# Sand VS Gravel Wich should I Choose????



## donrusso1478 (17 Feb 2009)

I am new to this forum and first of all I just wanted to say this is by far the best forum for planted tanks out there... I am getting ready to switch my tank to a planted tank. I have never done a planted tank before so I am completely new to all of this, I Have a 105 gallon tank it measures 48in Long 18in Wide and 30in tall. My light is ordered and being shipped i have my DIY CO2 reactor all i need basically do is start looking at plants. I used to have South American Cichlids in my tank 3 very large oscars a bunch of others needs less to say my nitrate levels are off the charts. I would like to start a planted tank and i was considering switching from gravel to sand. What would be the better choice for a beginner?


----------



## Ed Seeley (17 Feb 2009)

Both sand and gravel are inert and don't add any nutrients for the plants.  This is fine as long as your dosing is up to scratch so the plants don't run out of nutrients but you could use a substrate that will supply nutrients to the plants and IMHO the best of those is Aquasoil.  It is more expensive but a really great substrate.


----------



## donrusso1478 (17 Feb 2009)

Thanks for the advice... I have another question now I had considered using substrate but i was told i cant have fish in the tank if i do. My goal is to have a planted discus tank so should i not use substrate is i want discus in the tank?


----------



## Ed Seeley (17 Feb 2009)

That's probably advise from discus keepers who keep their fish in bare tanks for hygiene reasons.  Look at James's journal with discus in and see what you can do!!!  Just don't feed too heavily with things like beefheart (though I wouldn't use this to feed to any fish as it feeds saturated mammalian fats to fish that cannot utilise them properly) and keep on top of your tank maintenance.


----------



## a1Matt (17 Feb 2009)

Substrate and fish together are no problem.

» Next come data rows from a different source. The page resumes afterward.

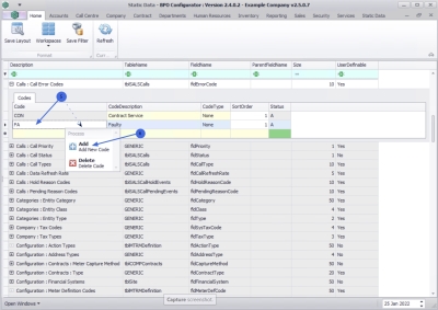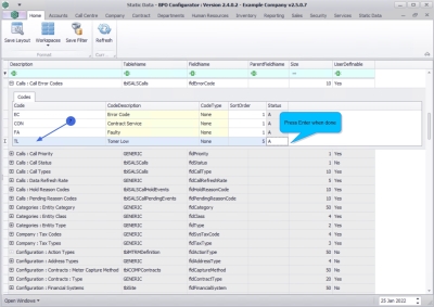 - An available row for adding the new Call Error Code will display in the Codes data grid.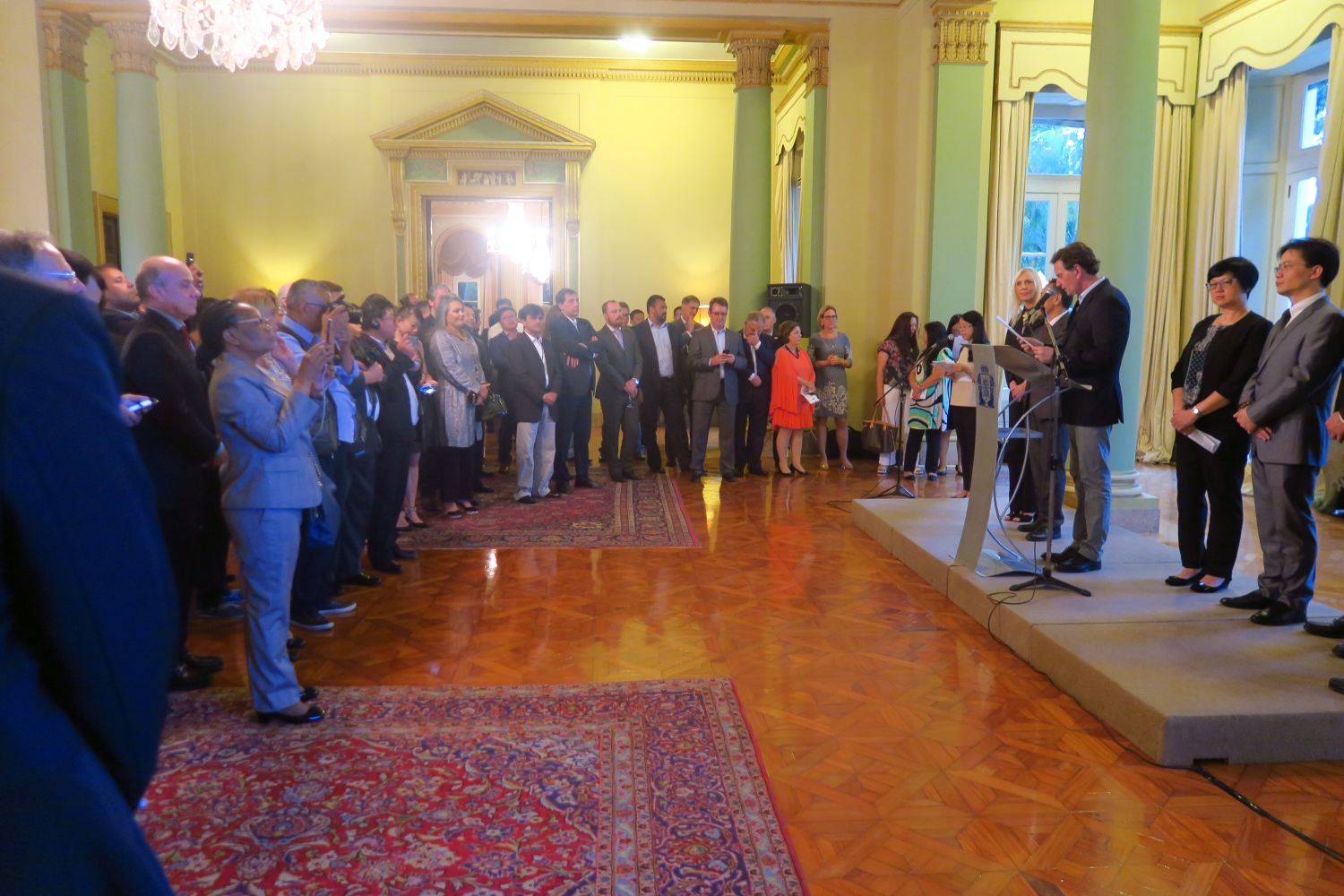 由中國與葡語國家經貿合作論壇常設秘書處及澳門貿易投資促進局分別組織的代表團在抵達巴西里約熱內盧後,出席了由里約熱內盧市政府、中葡論壇常設秘書處及貿促局共同主辦,中華人民共和國駐里約熱內盧總領事館支持的“中國-巴西企業經貿交流酒會”。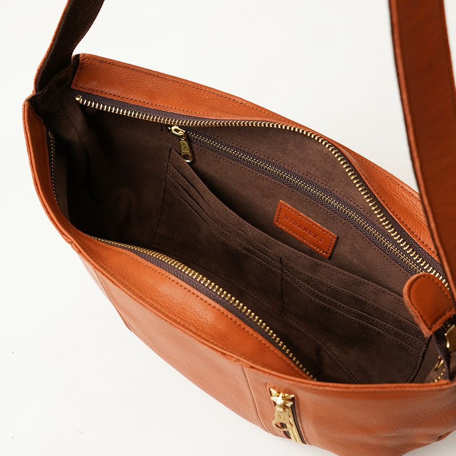 牛革と比べて軽く、しなやかな柔らかさが特長。きめが細かく、しっとりとした手触りが楽しめます。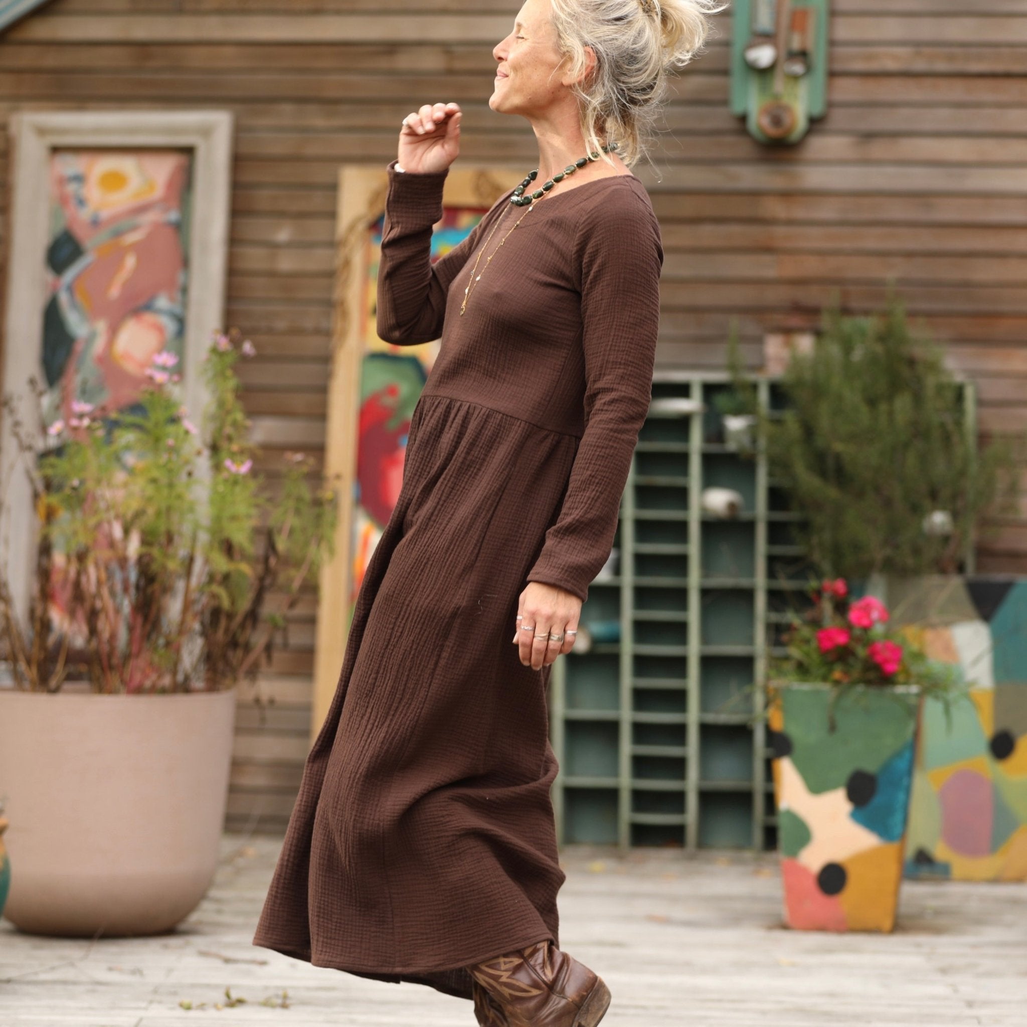 Robe Anaëlle - Double gaze de coton chocolat - Quintessence

Some substrates can introduce ammonia into the tank for a short amount of time when first added, so the advice could have been related to that.

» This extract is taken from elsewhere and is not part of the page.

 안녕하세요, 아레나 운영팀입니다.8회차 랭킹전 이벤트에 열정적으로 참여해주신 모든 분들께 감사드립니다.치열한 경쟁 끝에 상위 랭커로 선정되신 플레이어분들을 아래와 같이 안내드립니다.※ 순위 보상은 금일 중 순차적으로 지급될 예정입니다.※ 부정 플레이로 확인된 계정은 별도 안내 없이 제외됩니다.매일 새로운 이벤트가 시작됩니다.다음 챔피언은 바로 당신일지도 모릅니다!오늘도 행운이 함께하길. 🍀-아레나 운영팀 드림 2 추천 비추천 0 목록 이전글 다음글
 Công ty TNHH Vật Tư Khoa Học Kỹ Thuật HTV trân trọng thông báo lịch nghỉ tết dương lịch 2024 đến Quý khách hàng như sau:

It sounds like you do not currently have any fish in the tank and are setting it up from scratch. If this is the case you will be going through an ammonia cycle anyway which needs to be completed before adding fish.  So a bit of ammonia from the substrate will not make any difference to the startup process for you.


----------



## Dwarf-P. (1 Mar 2009)

if it were me, sand, as long as you have good filtration imo it will be clean and look better than chunky gravel


----------